─── SUPPLIED MATERIAL
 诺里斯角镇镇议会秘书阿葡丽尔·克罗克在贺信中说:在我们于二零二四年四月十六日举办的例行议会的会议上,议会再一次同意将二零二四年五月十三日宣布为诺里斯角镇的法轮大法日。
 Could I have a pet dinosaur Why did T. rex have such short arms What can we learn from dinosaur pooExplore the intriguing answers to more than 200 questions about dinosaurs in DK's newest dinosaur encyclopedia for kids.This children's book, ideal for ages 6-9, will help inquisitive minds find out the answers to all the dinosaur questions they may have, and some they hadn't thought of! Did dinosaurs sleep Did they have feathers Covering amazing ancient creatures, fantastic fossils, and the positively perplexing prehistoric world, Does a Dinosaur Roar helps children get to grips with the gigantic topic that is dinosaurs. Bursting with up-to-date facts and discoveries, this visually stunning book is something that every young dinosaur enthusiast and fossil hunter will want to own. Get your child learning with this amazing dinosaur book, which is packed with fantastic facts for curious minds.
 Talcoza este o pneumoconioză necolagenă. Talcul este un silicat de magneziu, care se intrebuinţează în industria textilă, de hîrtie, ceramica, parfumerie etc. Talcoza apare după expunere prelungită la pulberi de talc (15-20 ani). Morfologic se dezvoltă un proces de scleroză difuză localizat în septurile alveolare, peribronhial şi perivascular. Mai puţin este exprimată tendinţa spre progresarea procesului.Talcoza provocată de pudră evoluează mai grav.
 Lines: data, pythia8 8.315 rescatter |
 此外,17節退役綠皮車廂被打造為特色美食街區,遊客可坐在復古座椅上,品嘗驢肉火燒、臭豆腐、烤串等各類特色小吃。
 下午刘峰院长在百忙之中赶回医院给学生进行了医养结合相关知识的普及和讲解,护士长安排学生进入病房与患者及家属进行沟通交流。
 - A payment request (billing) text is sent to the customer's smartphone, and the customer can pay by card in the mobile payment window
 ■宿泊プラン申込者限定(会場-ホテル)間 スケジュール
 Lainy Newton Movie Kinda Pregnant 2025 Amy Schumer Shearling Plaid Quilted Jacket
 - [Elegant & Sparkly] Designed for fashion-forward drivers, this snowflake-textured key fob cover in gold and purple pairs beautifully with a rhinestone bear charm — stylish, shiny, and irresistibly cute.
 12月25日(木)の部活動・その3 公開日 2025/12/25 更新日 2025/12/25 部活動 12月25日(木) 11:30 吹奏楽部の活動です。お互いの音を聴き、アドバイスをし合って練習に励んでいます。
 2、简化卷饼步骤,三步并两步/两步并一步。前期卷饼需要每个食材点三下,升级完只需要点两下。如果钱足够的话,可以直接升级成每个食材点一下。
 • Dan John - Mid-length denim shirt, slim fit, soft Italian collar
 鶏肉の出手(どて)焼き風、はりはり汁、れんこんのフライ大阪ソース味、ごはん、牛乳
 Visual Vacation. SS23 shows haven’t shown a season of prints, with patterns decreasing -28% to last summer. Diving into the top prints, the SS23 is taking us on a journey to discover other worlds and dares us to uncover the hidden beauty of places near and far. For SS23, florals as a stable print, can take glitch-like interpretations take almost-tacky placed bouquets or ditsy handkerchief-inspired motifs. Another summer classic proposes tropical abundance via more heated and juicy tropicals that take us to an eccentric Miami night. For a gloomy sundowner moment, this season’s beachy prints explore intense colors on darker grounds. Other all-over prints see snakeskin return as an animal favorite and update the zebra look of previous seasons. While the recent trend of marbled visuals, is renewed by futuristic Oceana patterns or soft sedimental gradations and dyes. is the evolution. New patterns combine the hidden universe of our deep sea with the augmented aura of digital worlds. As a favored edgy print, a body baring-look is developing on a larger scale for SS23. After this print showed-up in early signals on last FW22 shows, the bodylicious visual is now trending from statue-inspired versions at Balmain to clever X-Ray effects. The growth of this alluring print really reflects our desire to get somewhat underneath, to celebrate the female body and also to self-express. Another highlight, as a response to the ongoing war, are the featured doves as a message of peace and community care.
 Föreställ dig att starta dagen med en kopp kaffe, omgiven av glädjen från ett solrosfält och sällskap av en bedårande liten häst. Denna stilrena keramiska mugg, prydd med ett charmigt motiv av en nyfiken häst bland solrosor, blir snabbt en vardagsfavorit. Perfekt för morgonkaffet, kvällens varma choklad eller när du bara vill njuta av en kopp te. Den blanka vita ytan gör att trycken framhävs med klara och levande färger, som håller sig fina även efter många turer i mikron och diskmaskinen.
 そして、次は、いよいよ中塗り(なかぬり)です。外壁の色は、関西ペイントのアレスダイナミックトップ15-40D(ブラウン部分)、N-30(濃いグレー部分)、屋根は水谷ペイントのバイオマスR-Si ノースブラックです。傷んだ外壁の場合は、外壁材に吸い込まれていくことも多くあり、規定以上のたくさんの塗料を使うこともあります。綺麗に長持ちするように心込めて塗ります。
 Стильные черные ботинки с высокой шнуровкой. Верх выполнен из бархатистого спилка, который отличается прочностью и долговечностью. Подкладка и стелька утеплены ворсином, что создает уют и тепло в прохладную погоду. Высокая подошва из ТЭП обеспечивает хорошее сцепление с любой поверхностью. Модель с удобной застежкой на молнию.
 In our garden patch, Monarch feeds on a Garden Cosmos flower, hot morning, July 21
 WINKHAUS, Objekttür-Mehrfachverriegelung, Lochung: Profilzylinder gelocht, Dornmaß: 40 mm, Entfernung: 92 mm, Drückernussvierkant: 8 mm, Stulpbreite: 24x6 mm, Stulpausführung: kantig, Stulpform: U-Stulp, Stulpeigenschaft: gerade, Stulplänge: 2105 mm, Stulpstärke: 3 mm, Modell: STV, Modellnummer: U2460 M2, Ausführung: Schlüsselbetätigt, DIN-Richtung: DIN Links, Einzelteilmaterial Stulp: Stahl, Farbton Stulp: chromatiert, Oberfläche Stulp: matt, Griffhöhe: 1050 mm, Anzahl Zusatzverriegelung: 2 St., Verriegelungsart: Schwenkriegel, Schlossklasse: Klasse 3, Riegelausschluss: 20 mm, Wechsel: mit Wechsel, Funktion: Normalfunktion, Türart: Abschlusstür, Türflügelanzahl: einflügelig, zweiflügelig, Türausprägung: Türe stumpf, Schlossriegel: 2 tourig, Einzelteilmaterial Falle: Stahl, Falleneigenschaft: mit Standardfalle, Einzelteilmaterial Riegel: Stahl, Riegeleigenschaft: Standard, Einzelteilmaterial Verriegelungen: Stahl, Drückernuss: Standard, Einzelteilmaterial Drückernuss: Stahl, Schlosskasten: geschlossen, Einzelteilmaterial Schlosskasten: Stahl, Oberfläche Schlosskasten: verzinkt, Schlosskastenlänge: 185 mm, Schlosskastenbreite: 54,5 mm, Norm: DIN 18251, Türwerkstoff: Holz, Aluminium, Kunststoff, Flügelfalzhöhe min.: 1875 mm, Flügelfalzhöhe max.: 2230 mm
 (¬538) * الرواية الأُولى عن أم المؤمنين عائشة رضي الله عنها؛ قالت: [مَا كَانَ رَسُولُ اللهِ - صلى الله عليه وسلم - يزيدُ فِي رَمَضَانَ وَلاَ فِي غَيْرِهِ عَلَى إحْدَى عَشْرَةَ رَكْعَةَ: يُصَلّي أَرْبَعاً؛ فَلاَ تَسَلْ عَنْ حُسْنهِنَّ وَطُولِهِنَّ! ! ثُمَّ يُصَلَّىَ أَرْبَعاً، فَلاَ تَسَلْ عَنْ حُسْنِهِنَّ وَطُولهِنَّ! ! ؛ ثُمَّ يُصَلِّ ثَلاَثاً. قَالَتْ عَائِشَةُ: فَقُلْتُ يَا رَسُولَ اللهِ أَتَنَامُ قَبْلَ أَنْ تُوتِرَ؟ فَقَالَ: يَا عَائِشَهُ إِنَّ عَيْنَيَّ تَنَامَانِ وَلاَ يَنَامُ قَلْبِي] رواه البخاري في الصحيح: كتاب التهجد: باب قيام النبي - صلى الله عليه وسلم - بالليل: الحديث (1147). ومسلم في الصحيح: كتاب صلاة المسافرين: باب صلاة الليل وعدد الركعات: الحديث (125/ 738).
──────
» **WHAT IS REQUIRED**
Within the material above, copy exactly the lines from the line that holds "Talcoza este o" up to and including the line that holds "2、简化卷饼步骤,三步并两步".

» **RESPONSE**
 Talcoza este o pneumoconioză necolagenă. Talcul este un silicat de magneziu, care se intrebuinţează în industria textilă, de hîrtie, ceramica, parfumerie etc. Talcoza apare după expunere prelungită la pulberi de talc (15-20 ani). Morfologic se dezvoltă un proces de scleroză difuză localizat în septurile alveolare, peribronhial şi perivascular. Mai puţin este exprimată tendinţa spre progresarea procesului.Talcoza provocată de pudră evoluează mai grav.
 Lines: data, pythia8 8.315 rescatter |
 此外,17節退役綠皮車廂被打造為特色美食街區,遊客可坐在復古座椅上,品嘗驢肉火燒、臭豆腐、烤串等各類特色小吃。
 下午刘峰院长在百忙之中赶回医院给学生进行了医养结合相关知识的普及和讲解,护士长安排学生进入病房与患者及家属进行沟通交流。
 - A payment request (billing) text is sent to the customer's smartphone, and the customer can pay by card in the mobile payment window
 ■宿泊プラン申込者限定(会場-ホテル)間 スケジュール
 Lainy Newton Movie Kinda Pregnant 2025 Amy Schumer Shearling Plaid Quilted Jacket
 - [Elegant & Sparkly] Designed for fashion-forward drivers, this snowflake-textured key fob cover in gold and purple pairs beautifully with a rhinestone bear charm — stylish, shiny, and irresistibly cute.
 12月25日(木)の部活動・その3 公開日 2025/12/25 更新日 2025/12/25 部活動 12月25日(木) 11:30 吹奏楽部の活動です。お互いの音を聴き、アドバイスをし合って練習に励んでいます。
 2、简化卷饼步骤,三步并两步/两步并一步。前期卷饼需要每个食材点三下,升级完只需要点两下。如果钱足够的话,可以直接升级成每个食材点一下。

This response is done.